(RECORDS TO PROCESS begins)

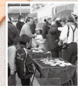
⑭ 野田ホタテまつり
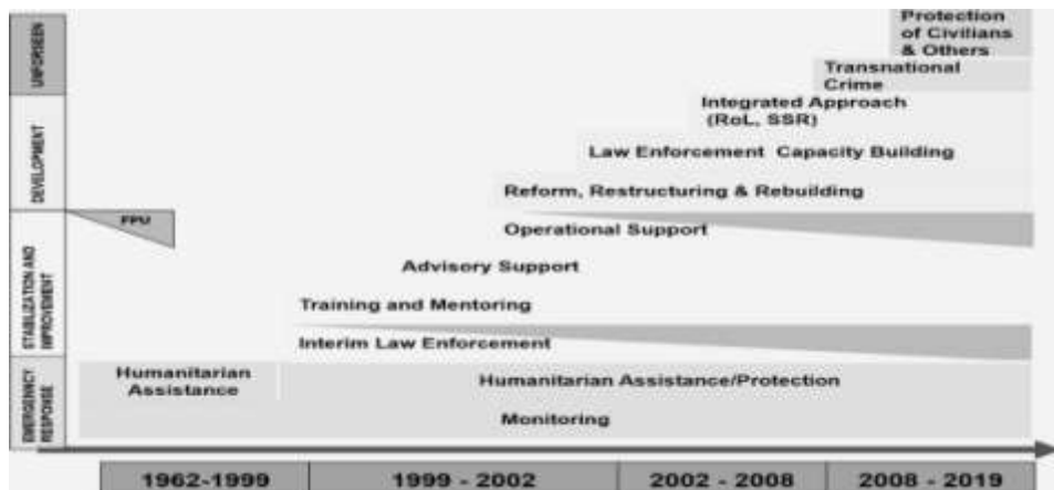
Рис. 1. Этапы развития деятельности полиции ООН.

Анализируя тенденцию развития деятельности полиции ООН с момента ее активного участия в миротворческих операциях, представляется возможным выделить следующие этапы эволюции ее деятельности (рисунок 1):
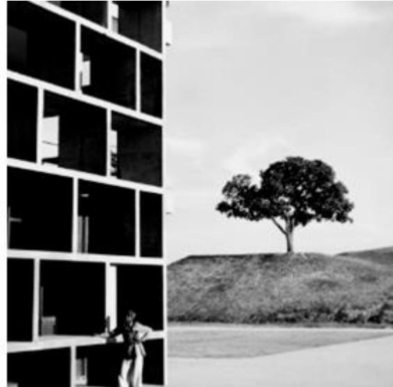
Slika 8: Lucien Hervé, Tree, umjetnička fotografija arhitekture

Navedena podjela nije jedina, tako se fotografiju arhitekture još može podijeliti s obzirom na vrijeme kad je građevina nastala pa se razlikuju klasična i moderna arhitektura.
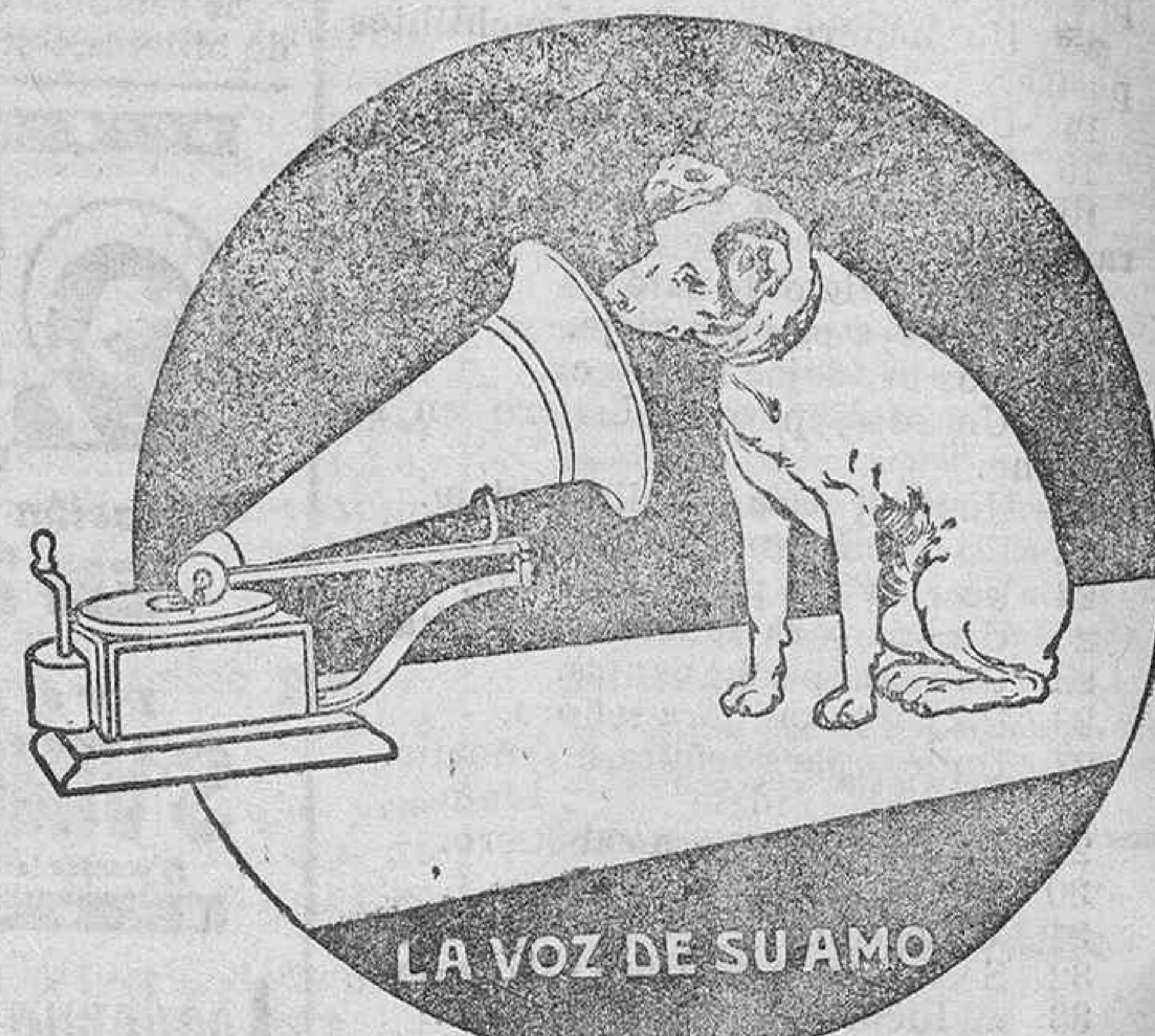
LA VOZ DE SU AMO

EXIGID y buscad en todos los aparatos y discos «GRAMOPHONE» nuestra célebre marca de fábrica «LA VOZ DE SU AMO» y la palabra «GRAMOPHONE» que únicamente nosotros podemos usar por ser de nuestra propiedad exclusiva, y sin cuyos requisitos no adquiriréis un legítimo «GRAMOPHONE».

(RECORDS TO PROCESS ends)

● WHAT YOU NEED TO DO: Your output should be only the lines from the line with "Navedena podjela nije" through the end of the data, exactly as they stand, and no pictures.

● RESPONSE AREA:
Navedena podjela nije jedina, tako se fotografiju arhitekture još može podijeliti s obzirom na vrijeme kad je građevina nastala pa se razlikuju klasična i moderna arhitektura.
LA VOZ DE SU AMO

EXIGID y buscad en todos los aparatos y discos «GRAMOPHONE» nuestra célebre marca de fábrica «LA VOZ DE SU AMO» y la palabra «GRAMOPHONE» que únicamente nosotros podemos usar por ser de nuestra propiedad exclusiva, y sin cuyos requisitos no adquiriréis un legítimo «GRAMOPHONE».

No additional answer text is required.